VMware Cloud Foundation management domain host setup for Cisco UCSM rack server
This repository contains Ansible playbooks for configuring Cisco UCSM managed C-Series (tested Cisco UCS C240 M5) servers. This repository aligns with the following design guide: https://www.cisco.com/c/en/us/td/docs/unified_computing/ucs/UCS_CVDs/flexpod_vcf_design.html. This repository can be used to setup UCS policies and Service Profile Templates as well as to perform initial configuration of the ESXi hosts for deploying VCF using Cloud Builder. To run these playbooks, Cisco UCS C-Series servers should be connected via Cisco UCS Fabric Interconnects as shown in the figure.
Cisco UCS Manager and ESXi Configuration
The playbooks in this repository perform following high level functions:
Cisco UCS
- Equipment Tasks to setup server ports and uplink port-channels
- Admin tasks to configure DNS, NTP, Timezone, and Organization
- LAN tasks to configure VLANs, Mgmt. and MAC address pools, various LAN policies, and vNIC templates
- Server tasks to configure UUID pools, BIOS, boot, disk, power, maintenance and Server Profile templates
After successfully executing UCS playbooks, you can use the server profile template to derive 4 server profiles and install ESXi software on local disk.
ESXi Config
- Setup NTP server
- Setup hostname, domain and DNS server
- Enable SSH on the hosts
- Set vSwitch0 MTU to 9000
- Set default port-group VLAN (management)

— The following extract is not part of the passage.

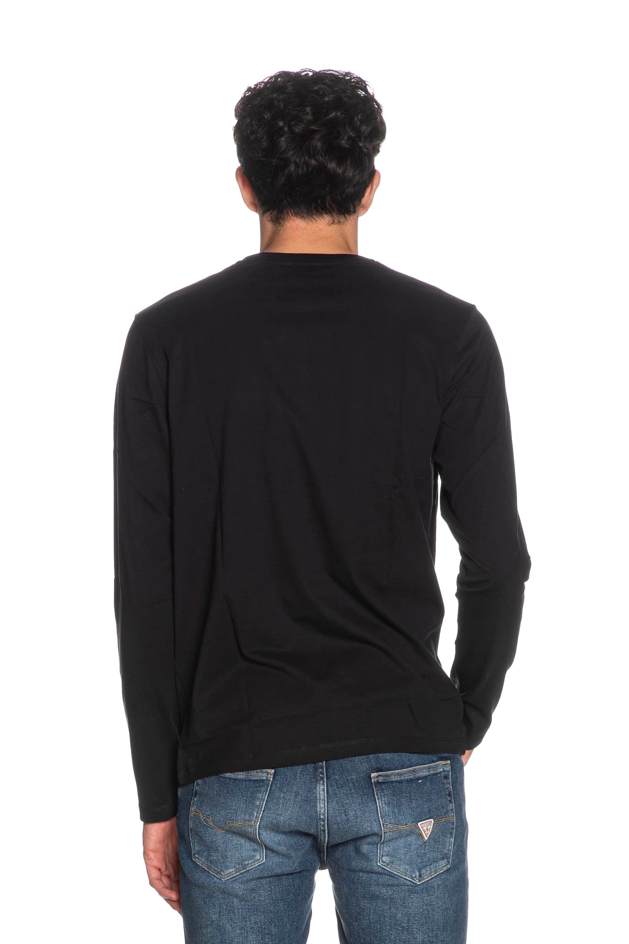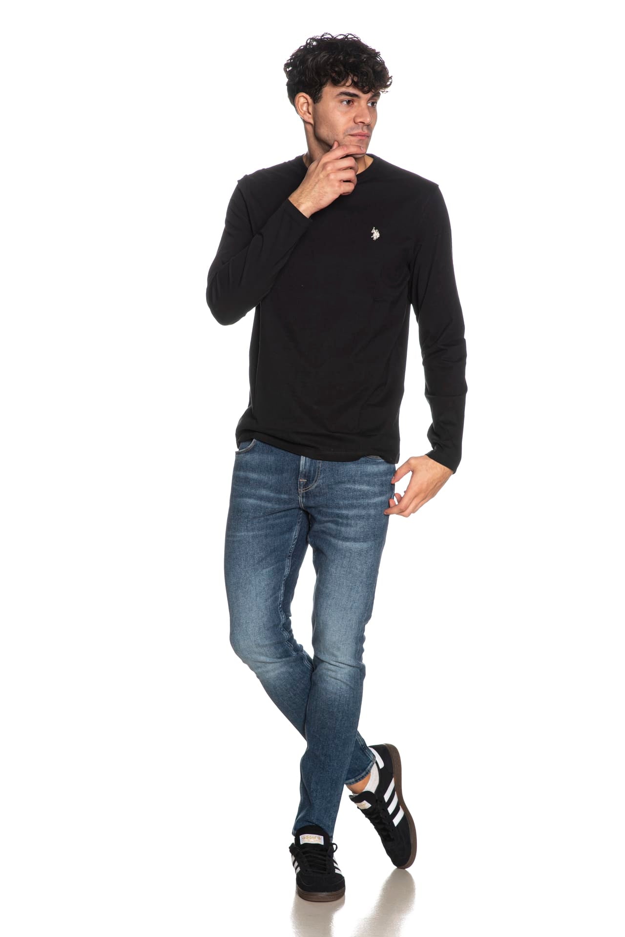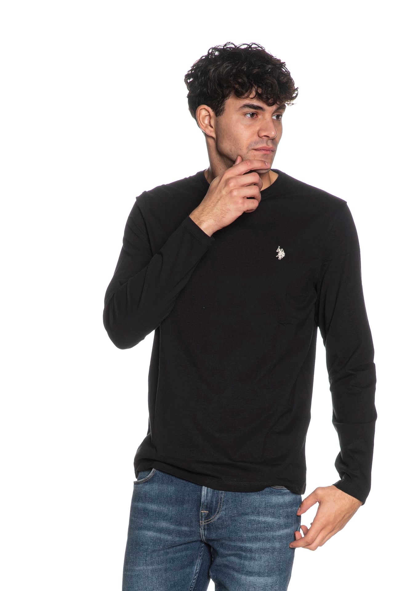 T Shirt U.S. Polo Assn Will da uomo in jersey, girocollo a manica lunga, con piccolo monogramma ricamato a contrasto colore sul petto

After running the ESXi playbooks, log into each ESXi host using SSH and re-generate self signed certificates using the following commands:
/sbin/generate-certificates
/etc/init.d/hostd restart && /etc/init.d/vpxa restart
Note An Ansible playbook regenerate_esxi_hosts_certs.yml has also been provided to re-generate the certificates.
The ESXi hosts are now ready for VCF cloud builder configuration.
Execution Package Requirement
To execute various ansible playbooks, a linux based system will need to be setup with Ansible and following packages:
Setting up Variables
All the variables used in this framework are defined in the following locations:
- Variable that require customer inputs are part of group_vars/all.yml
- Variable that do not typically require customer input (e.g. VLAN assignment to VDS or policy names) are present under role_name/defauls/main.yml.
Playbook Execution
To execute the playbooks, you will need to follow these steps:
- Physically connect the hardware and perform the initial configuration so UCS can be accessed over network using its management IP address
- Setup a Linux (or similar) host and install Ansible, git and required UCS and VMware packages
- Clone the repository using git
- Update the inventory file to provide the access information for UCSM and ESXi host information
- Update variables in group_vars/all.yml to match your environment
- Execute the Setup_UCS.yml playbook to setup all the policies and server profile templates
ansible-playbook ./Setup_UCS.yml -i inventory
- Manually derive 4 Service Profiles to deploy 4 VCF Mgmt Host servers
- Install ESXi on the 4 servers and configure the management interface to be able to access ESXi hosts
- Execute the prepare_esxi_host.yml playbook to prep the ESXi hosts
ansible-playbook ./prepare_esxi_hosts.yml -i inventory
- Regenerate the self signed certificates on all 4 ESXi hosts manually or use the playbook:
ansible-playbook ./regenerate_esxi_hosts_certs.yml -i inventory
- Update enic or fnic drivers if applicable (please consult the associated CVD)
At this time, ESXi servers will be ready for VCF cloud builder to setup the management domain.